WASHINGTON — The U.S. Army is establishing a new command to ensure its modernization programs get the attention, thought and forward movement needed to maintain overmatch against potential adversaries in the future.
The Army’s fiscal 2018 budget request has grown compared to past years. Additional funding would be a big step in the right direction after modernization efforts were essentially paused for several years as the service focused its shrinking budget on maintaining readiness.
But having the money isn’t always enough to get modernization off the ground, so the Army is standing up a new modernization command to see its major efforts through to the final product.
The Army on Oct. 3 initiated “a realignment of modernization responsibilities under a new organization,” an Army spokesman told Defense News.
The new organization will implement cross-functional teams that align with the Army’s six modernization priorities: Long-Range Precision Fires, next-generation combat vehicle, Future Vertical Lift, the network, air-and-missile defense and soldier lethality, the acting Army Secretary Ryan McCarthy confirmed at the Association of the U.S. Army’s annual convention Oct. 9.
“The Army is at an inflection point and has been focused on restoring readiness to prevail in the future,” McCarthy said. “We now must reform how we modernize the Army.”
The reorganization will establish unity of command and effort by consolidating the modernization process under one roof, McCarthy said.
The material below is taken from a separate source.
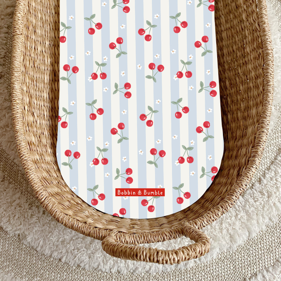 Add a sweet touch of charm to your nursery with our Cherry Stripe Baby Changing Basket Liner. Beautifully handmade in the UK and now available in two sizes.

The realignment of responsibilities is not additional force structure, but rather a streamlining of work, which will serve to overcome the bureaucratic inertia and stovepiping found in the Army’s current construct, he said.
The cross functional teams will report regularly to the undersecretary of the Army and the Army’s vice chief of staff, McCarthy said, and they will compress the timeline by involving the end user, defining the requirements, integrating, prototyping and validating a concept prior to low-rate initial production.
The leaders of these teams will “understand how our formations operate in combat and include elements from program management, finance, science and technology,” he said.
McCarthy said he has established a task force to develop the new command. The task force will be led by Lt. Gen. Edward Cardon, who is the director of the Army’s office of business transformation. He will have 120 days, starting this week, to form the task force and then kick off the modernization command.
“The process will be transparent and thorough, we do not have time to waste,” McCarthy said.
Army Chief of Staff Gen. Mark Milley added, “We have been studying this for quite a bit of time. Our objective is to get these organizations and this new command stood up by summer 2018. We are going to move out smartly, this is necessary, this is important and I absolutely believe that unless we do this, we will be increasingly losing ground against potential adversaries.”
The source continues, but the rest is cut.